Em cinquenta anos, será que é possível contar quantas histórias já aconteceram por aqui? Obviamente não. Mas é possível fazer um exercício de reflexão. Quantas palavras ensinadas, quantos desenhos coloridos? Quantas vezes a mão de um professor conduziu um pequeno assustado em seus primeiros momentos de escola? Quantas lágrimas foram acolhidas? E homenagens com cantos, poemas e brincadeiras? Quantas vezes foram limpas as salas após um turno pleno da energia de gerações? Quantos debates? E momentos cívicos, de exaltação à pátria? Quantas merendas servidas, inclusive para aqueles que tem ali a principal refeição? Quantos telefonemas em busca de soluções junto aos dilemas vivenciados cotidianamente? Encaminhamentos? E ainda, quantas vezes o nosso ouvir ajudou na resolução de conflitos familiares? Quantas intervenções foram feitas para que os trabalhos transcorressem bem? Quantas experiências de aprendizagem, de superação da timidez, descobertas? Quantas vezes o socorro àquele que se machucou? E quantas vezes precisamos retomar conceitos, revisar posturas? Quantas orações em busca de paz, de um ambiente propício? Impossível mensurar. Mesmo assim, façamos este exercício. Pensemos a possibilidade de colocar em um único lugar todo o contingente de pessoas, alunos, pais, professores, funcionários que passaram por uma instituição cinquentenária cruzando suas histórias... Que espaço precisaríamos? Será que sabemos o que isto quer dizer?

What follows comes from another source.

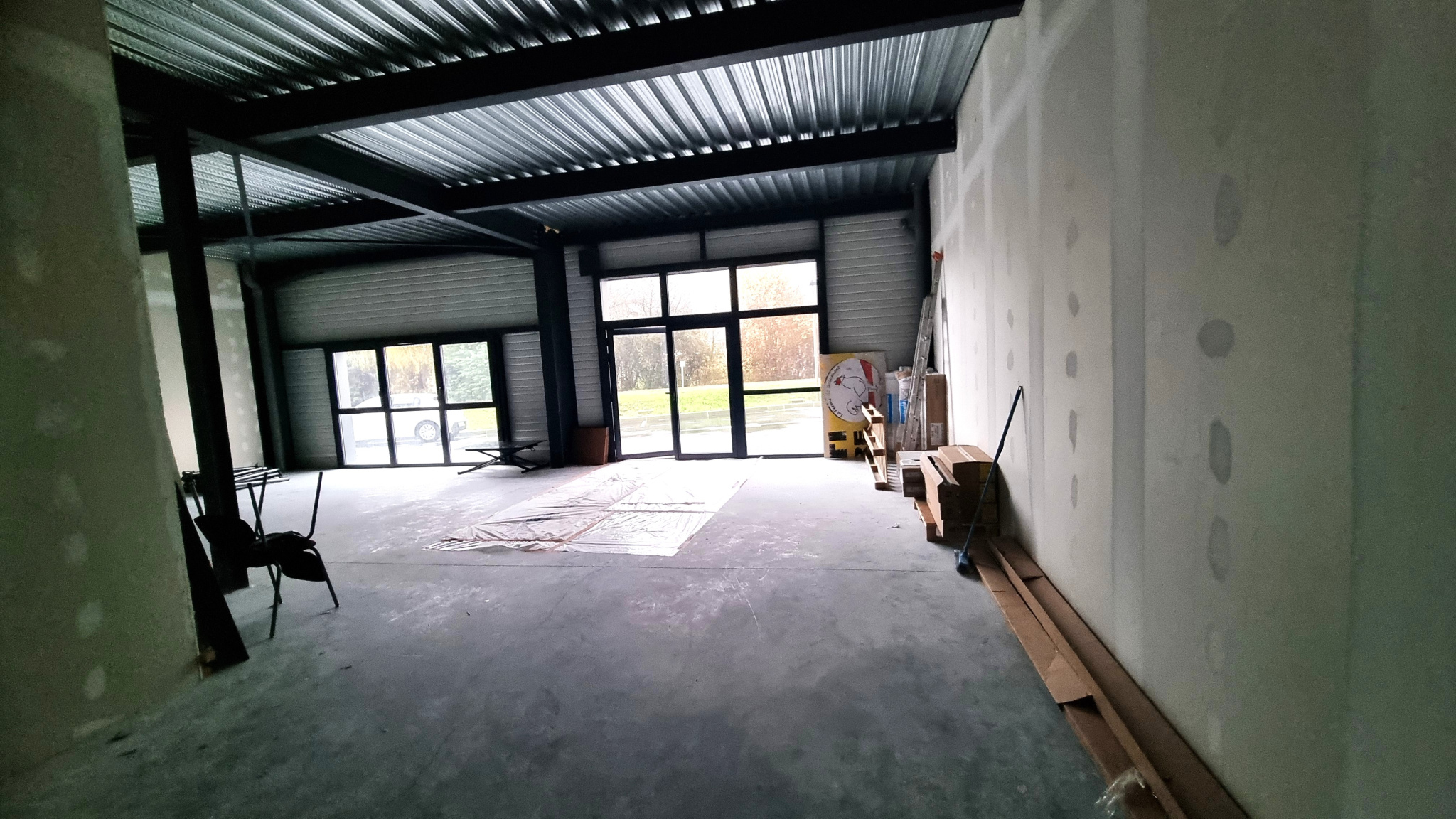 Les locaux se composent de deux espaces ouverts, un espace stockage sur l'arrière, et de deux sanitaires PMR privatifs. Idéal pour du show-room, avec belle visbilité depuis la route et stationnement facile. Le site est sécurisée pat un système de surveill...

Quando iniciei minha vida docente não imaginei que um dia também passaria pela desafiadora experiência de uma equipe diretiva. No entanto, a vida desafia, propõe etapas. Percebo este papel como um divisor de águas. Hoje tenho a noção do contrato de risco que assinamos ao assumir tal papel em uma escola. Quem olha de fora, atribui às direções poderes descomunais. Superpoderes. E, na realidade, o único poder do qual dispomos é a coragem. É com esta característica que chegamos em nosso local de trabalho e atendemos a toda gama de demandas sem olhar para o relógio. Dificuldades trazidas por alunos e pais, por professores também. Atrasos, faltas, doenças, medos, febres, ferimentos, raivas, perdas, excessos, fobias, ausências, tropeços, desejos, traquinagens... E lá corremos, no mais puro interesse de melhorar a engrenagem e não apenas integrá-la. Ainda assim, sabemos que ocorrem falhas. Falhas que seguramente seriam minimizadas se houvesse parceria real entre família, escola e governo. Se cada um assumisse e honrasse esta parceria, não apenas cobrando discutíveis direitos e esperando benesses.

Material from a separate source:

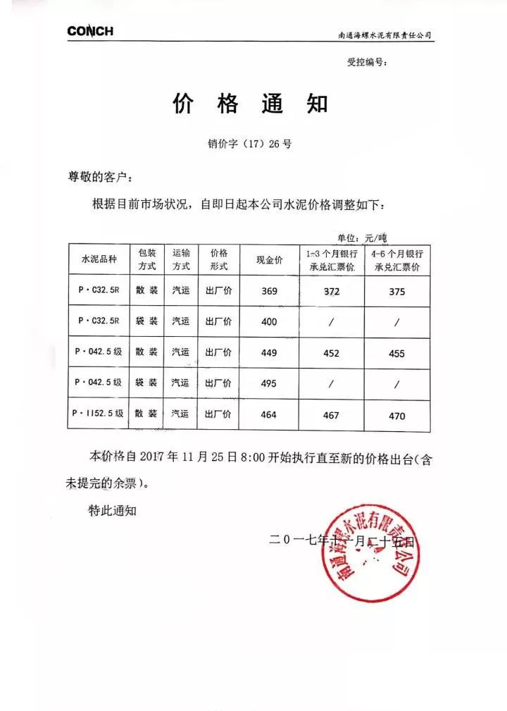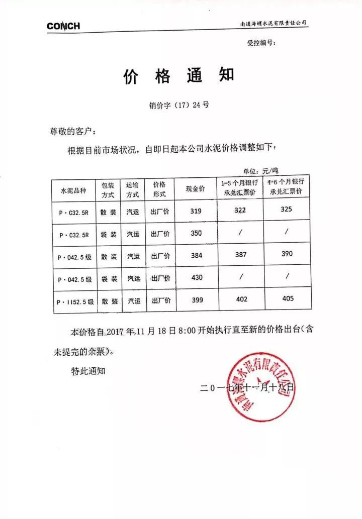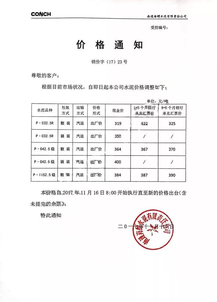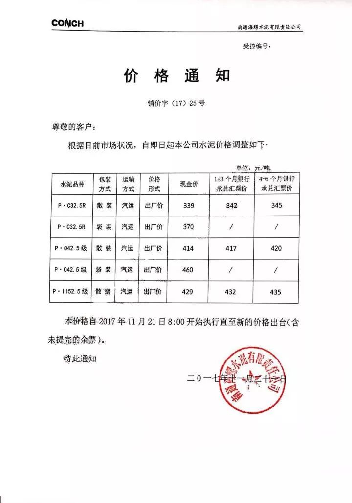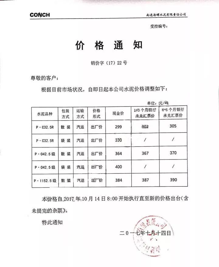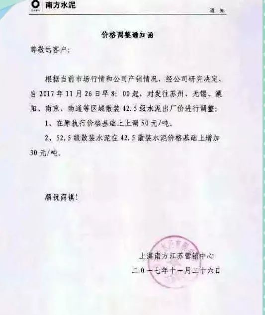 南通海螺水泥漲價(jià)函

Minha escola, nossa escola, a escola que carrega o nome do município. Quem ali entra percebe o zelo com que se busca cuidá-la, apesar de algumas precariedades. Conte-se os três turnos de funcionamento e o fluxo contínuo de pessoas neste espaço. Multiplique-se pelos anos já vividos. Quem sabe esta conta pode nos ajudar a perceber o quanto somos pequenos diante do mundo? Ou grandes? Depende do que fazemos com a nossa história.